Something I thought would be left out, but we see in Episode 5, is Jason visits a universe that has been destroyed by a virus. I wondered if it would feel too soon after the COVID pandemic.

That’s exactly why I left it out when I was first writing the scripts. It was during COVID, and I thought, “Nobody wants to watch anything about a pandemic.” So I left it out. It was actually Jennifer who came to me and said, “I miss that scene, it’s really powerful.”

And we thought about it, and figured, let’s give it a shot. There’s a million ways this could go wrong but if we can nail it, it’ll be really powerful. And it’s one of my favorite scenes of the series. And it exists because of her.

I can’t decide which universe is worse, the plague one or the one inhabited by giant bugs, which we also see in Episode 5.

Oh my God, that’s the worst world. When the art department built those bugs, they built two or three, and one was messed up so they couldn’t use it. We would take it and hide it around the set, and it just terrified everyone.

But there are other things left out from the book?

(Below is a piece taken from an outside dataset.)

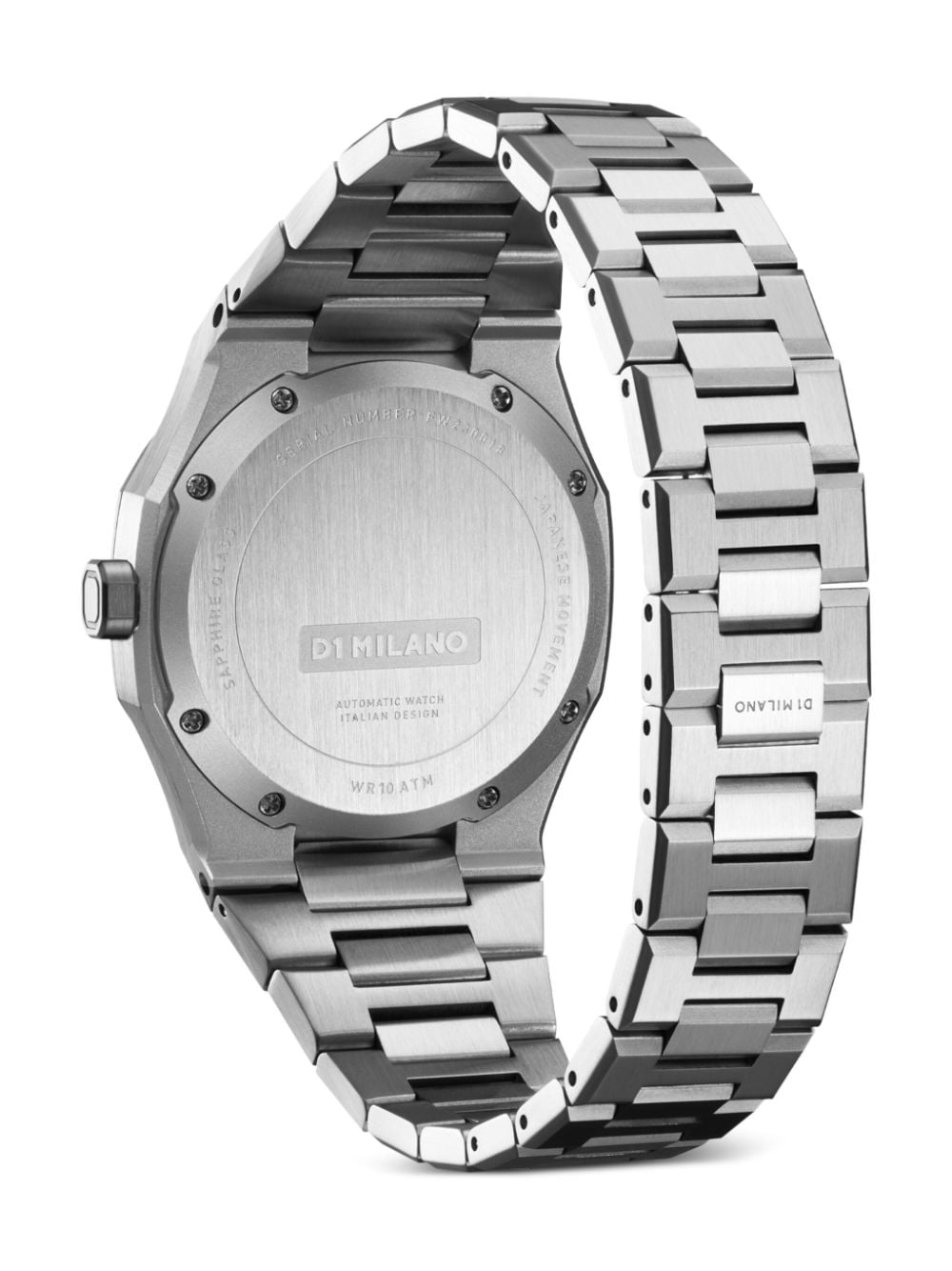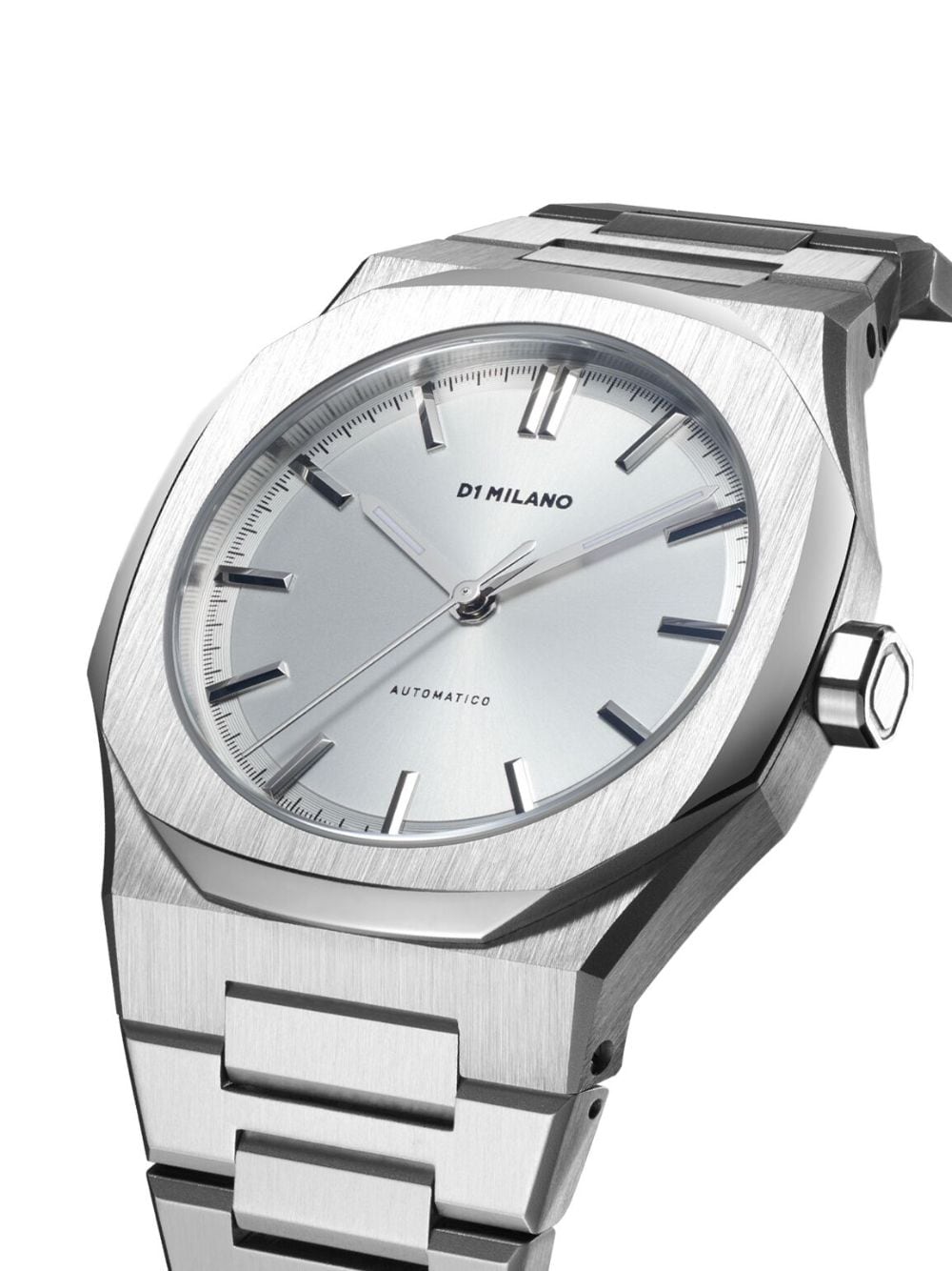 D1 Milano says its Automatico 36mm is ‘crafted for those who appreciate the fusion of timeless elegance and modern sensibilities.’ It’s made from stainless steel with a shimmering sunray index dial and brushed octagonal bezel to match the shape of the crown. It’s powered by a Miyota 9039 automatic movement and protected with an anti-reflective sapphire crystal glass face.

There is one thing, but it wasn’t left out because it was a darling, it was left out because when I spoke to my scientific advisor, I realized it never should have been in the book in the first place. There’s a moment where Jason is in The Box walking in the corridor alone and he sees this figure – it’s a version of him and he’s naked and all cut up. And I realized that’s actually impossible. That was the only thing I corrected from the book.

Why is it not possible?

If you open the door and step into The Box and you close the door, you’re in superposition. What we see inside the box is a manifestation of a five-dimensional probability space from inside the minds of the people who step into The Box. So to have someone else in the corridor — where does that other Jason come from? Don’t get me wrong, it looks cool, and we had a lot of conversations about putting it in. But it ultimately didn’t make sense.

One of the biggest changes from the book to the series is that Jason2 was involved with Amanda in their universe — in the book, they were colleagues. But it helps us understand that Jason2 is charismatic and appealing if someone as amazing as Amanda loved him.

Everybody loves Amanda! I get more emails saying, “You did Amanda wrong!” than anything else because she just kind of vanishes in the book. So part of this show is a mea culpa, and a makeup to my readers for what I did to Amanda in the book. And honestly, the show now feels more canon to me than the book.

We really wanted to push that relationship, with both Jasons and Amanda, and make her a viable reason for Jason Prime to give up his fight to return to his universe. And when we made those choices, it affected casting, because Amanda could come off like an abandoned sad-sack character. But Alice Braga smiles, and it literally lights up a room. She’s not only a compelling argument for Jason Prime to stay with her, but you never feel bad for her.

We are also at a point in the series where people are starting to figure Jason2 out, especially Charlie. It feels like on some level, these characters know he’s not their Jason.

Exactly. Maybe their brains don’t know, but their hearts know. Of course, your mind doesn’t immediately leap to “My husband has been replaced by an alternate universe version of himself” — so all they know is that something is wrong.

Joel Edgerton is so good at capturing the similarities and the differences between Jasons. Is that something you would discuss with him during shooting? Did he ever come to you to discuss how to differentiate them? It’s not as simple as putting an evil goatee on Jason2.

There is a version of “Dark Matter” that plays like a bad skit. Like Jason2 just twirls a moustache the whole time. But Joel and Jen have been such guideposts in shaping these characters, and finding that nuance. If you think of it in colors, there’s not a Red Jason and a Purple Jason – they’re all shades of the same color. And Joel is so good at finding those shades. And from there, it filters down into wardrobe and hairstyling and all these differences. It’s keeping everything grounded and relatable in a fantastical story.  

This interview has been edited and condensed.